Maka berdasarkan kaidah yang amat agung ini kita dapat mengambil kesimpulan yang amat penting pula bahwa barangsiapa yang menentang Nabi shallallahu ‘alaihi was sallam (baik itu apa yang beliau perintahkan atau yang beliau larang pent.) maka berarti ia telah keluar jalannya para sahabat rodhiyallahu ‘anhum.
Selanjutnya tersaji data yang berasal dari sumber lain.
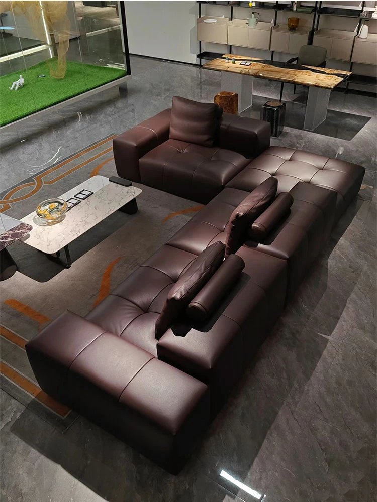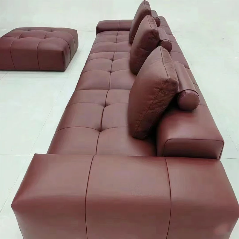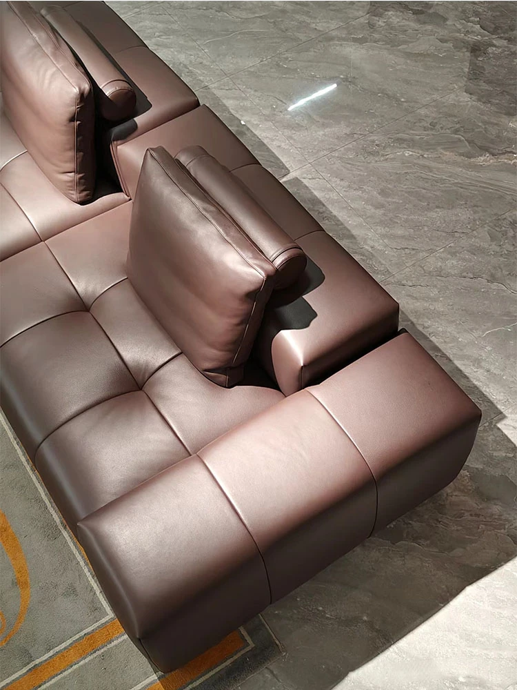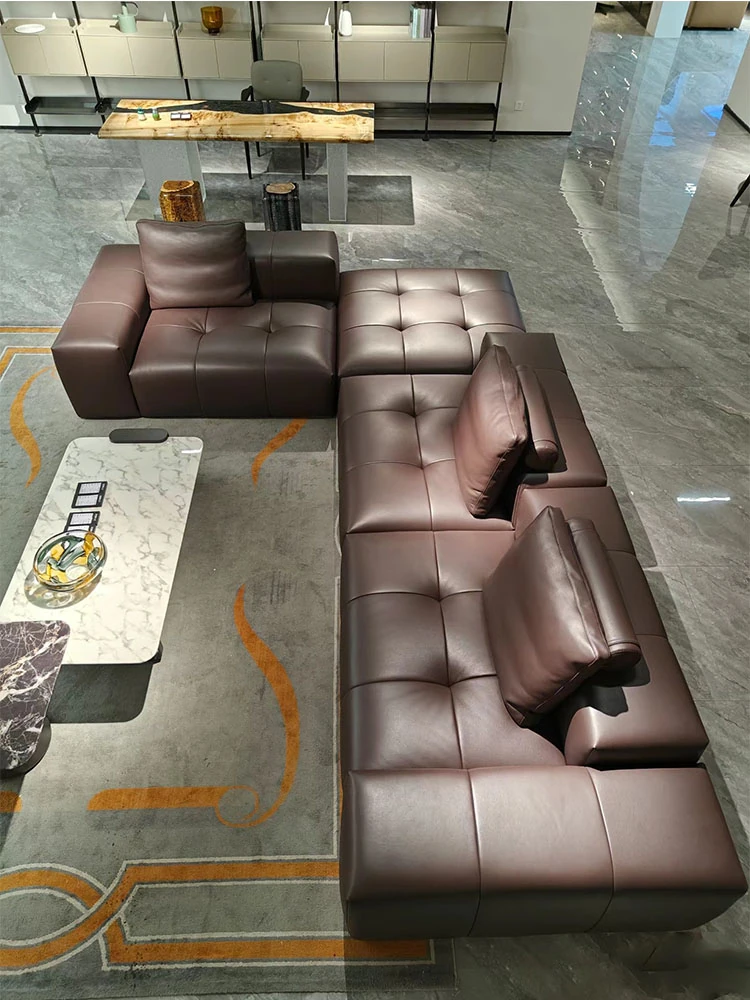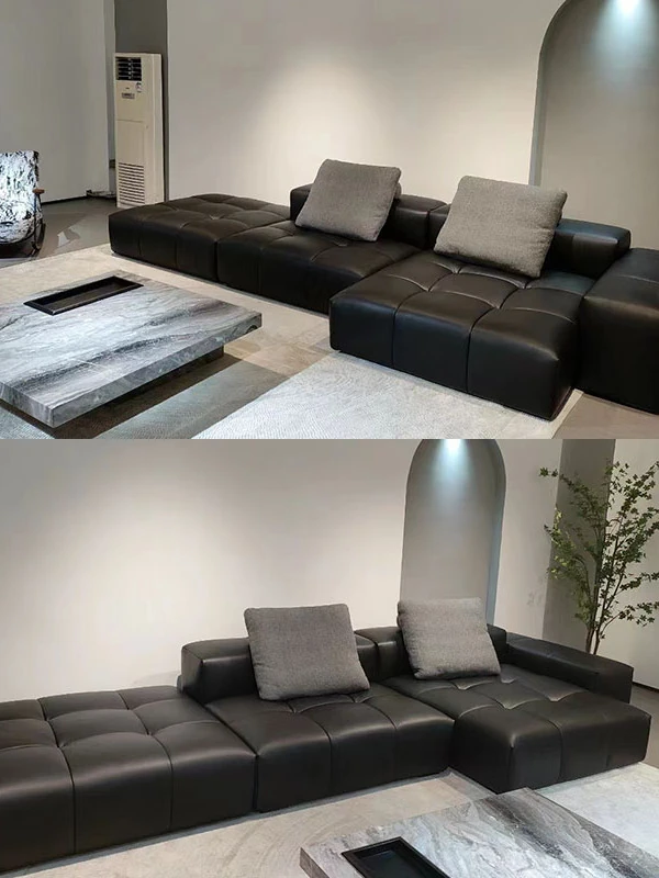 イタリアンミニマルスタイルのサバピクセルモジュラートーフブロック本革ソファ。広々としたリビングにぴったりのヴィラ用フラット階層ソファセット。洗練されたデザインで、快適さとスタイルを両立!

Syaikhul Islam Ibnu Taimiyah mengatakan, “Para ‘ulama mengatakan,
“Barangsiapa yang tidak mengkuti jalan para sahabat maka berarti ia telah mengikuti jalan selain mereka, mereka (para ulama) menjadikan ayat ini sebagai dalil bahwa mengikuti jalan beragama para sahabat adalah sebuah perkara wajib dan tidaklah boleh seseorang keluar dari perkara agama yang mereka ijma’/sepakat terhadapnya” [3].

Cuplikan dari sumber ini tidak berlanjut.